Mig04
Mediating everyday life: dwelling in a digital age (Migration and Mobility Working Group)

Convenors:
Michael Humbracht (University of Surrey)
Christian Ritter (Tallinn University)
Stream:
Migration
Location:
ZHG 004
Start time:
27 March, 2017 at 8:30
Session slots:
1

Short abstract:

This panel addresses the interrelations between travel and dwelling practices among people on the move. We seek to better understand the mutual shaping of dwelling-in-travel and traveling-in-dwelling by comparing various ethnographic accounts of home-making practices.

Long abstract:

This panel addresses the interplay between travel and dwelling practices among people on the move. The ubiquitous use of networked computers in homes transformed everyday lives. Digital technology has both opened up windows to entertainment, education, gossip, and networking while also ushering in new forms of surveillance that control everyday routines. Digital media connect remote people and places: we explore virtual travel and mooring in concert to unveil the everyday practices involved in the various uses of digital media at the intersections of traveling and dwelling. Specific everyday practices, tactics and histories revolve around dwelling and traveling (Clifford 1992). Dwelling-in-travel may include practices of homing that draw on decorative objects, cuisines, rituals and festivals. Travel-in-dwelling refers to the use of internet technologies, television, radio, phones and remote gift exchange while staying in a shelter.

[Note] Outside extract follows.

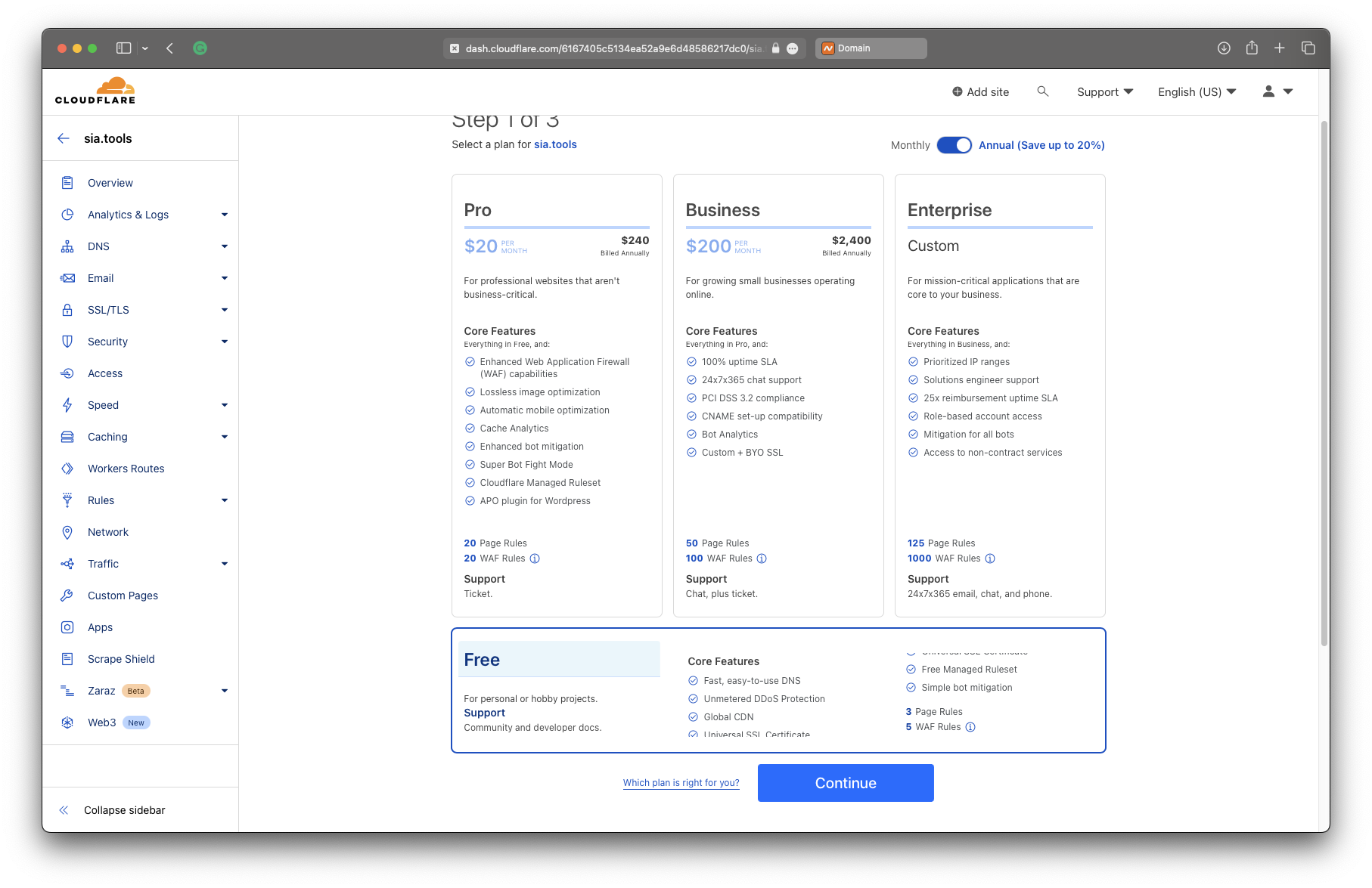 When adding the site, you will be asked which plan you would like. At the very bottom, select the Free plan since we only need DNS.

The increasing circulation of people, objects, ideas and capital are anchored in (ephemeral) dwelling practices in private and public settings. This panel focuses on these practices and materialities of dwelling. Hotels, tents, refugee camps, night trains and recreational vehicles contain multiple stories of delayed travel, aspired destinations, routes, despair and stillness, which ethnographers can bring to light. Instead of artificially separating dwelling-in-travel and travelingin-dwell, this panel seeks to more comprehensively understand the mutual shaping of both sets of practices. We welcome ethnographic accounts and theoretical papers on mobile people, including expatriates, refugees, exiles, long-distance commuters and life style travellers. How do digital technologies transform their practices of home-making? Which dwelling practices do they develop?